Source data:
***
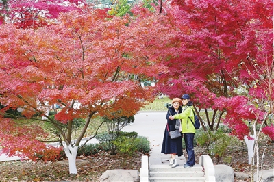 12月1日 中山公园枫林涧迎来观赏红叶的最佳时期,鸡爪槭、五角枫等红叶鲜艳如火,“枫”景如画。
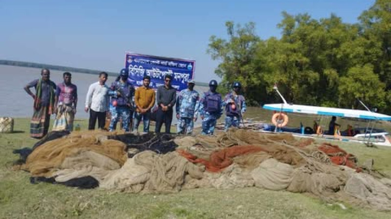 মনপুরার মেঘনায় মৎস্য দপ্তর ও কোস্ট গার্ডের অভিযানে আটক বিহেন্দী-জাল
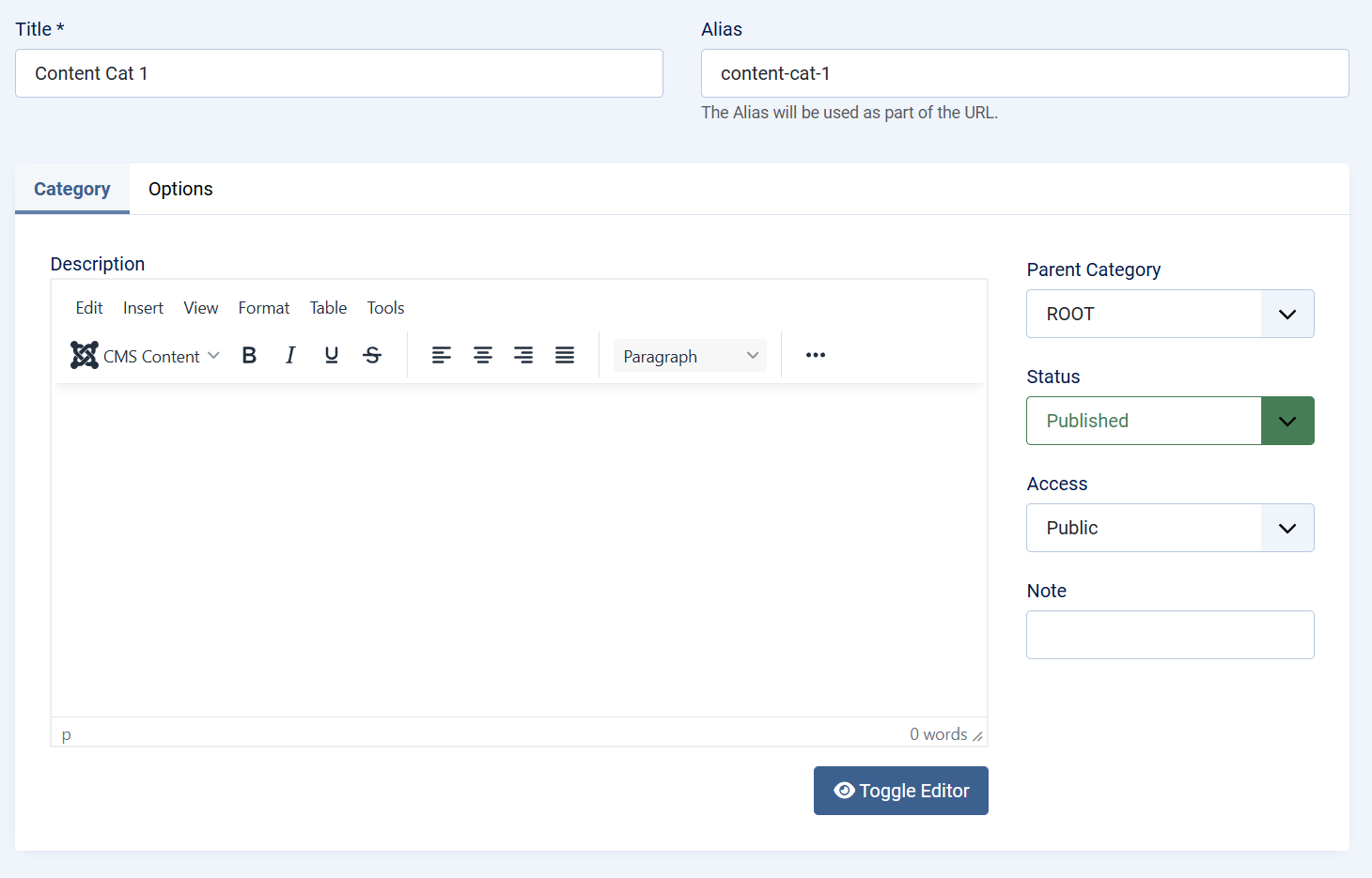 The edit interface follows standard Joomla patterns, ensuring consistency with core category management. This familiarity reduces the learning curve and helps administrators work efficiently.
***
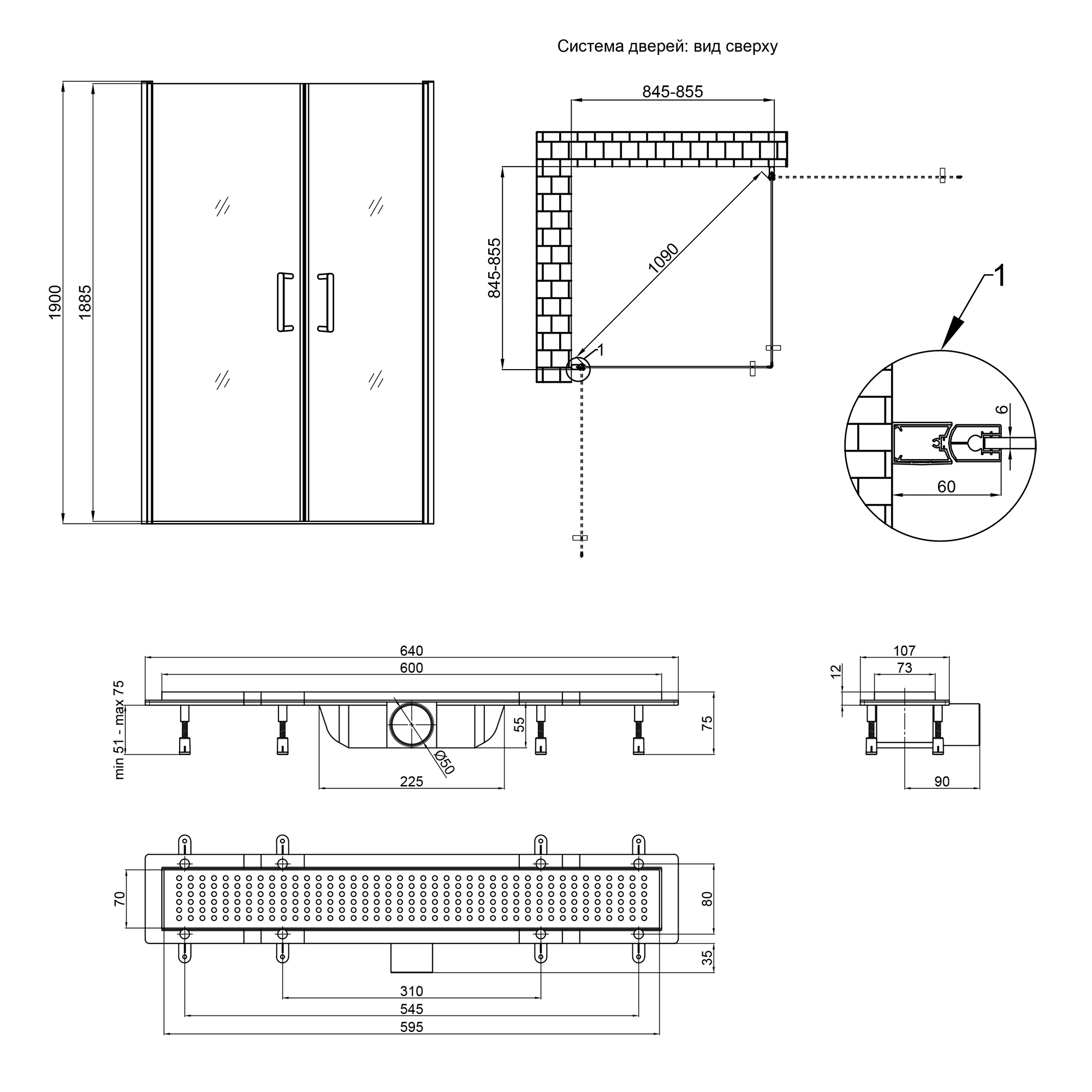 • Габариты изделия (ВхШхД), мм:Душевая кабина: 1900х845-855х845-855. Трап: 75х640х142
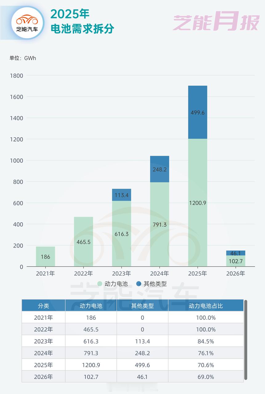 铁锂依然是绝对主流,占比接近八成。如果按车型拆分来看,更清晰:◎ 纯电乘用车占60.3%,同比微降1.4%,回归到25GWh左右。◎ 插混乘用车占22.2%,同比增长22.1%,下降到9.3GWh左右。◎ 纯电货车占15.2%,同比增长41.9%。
***
Prompt: Going back to the data above, write out everything from the line with "12月1日 中山公园枫林涧迎" down to the line with "The edit interface", both included, leaving every picture out.

Answer section:
 12月1日 中山公园枫林涧迎来观赏红叶的最佳时期,鸡爪槭、五角枫等红叶鲜艳如火,“枫”景如画。
 মনপুরার মেঘনায় মৎস্য দপ্তর ও কোস্ট গার্ডের অভিযানে আটক বিহেন্দী-জাল
 The edit interface follows standard Joomla patterns, ensuring consistency with core category management. This familiarity reduces the learning curve and helps administrators work efficiently.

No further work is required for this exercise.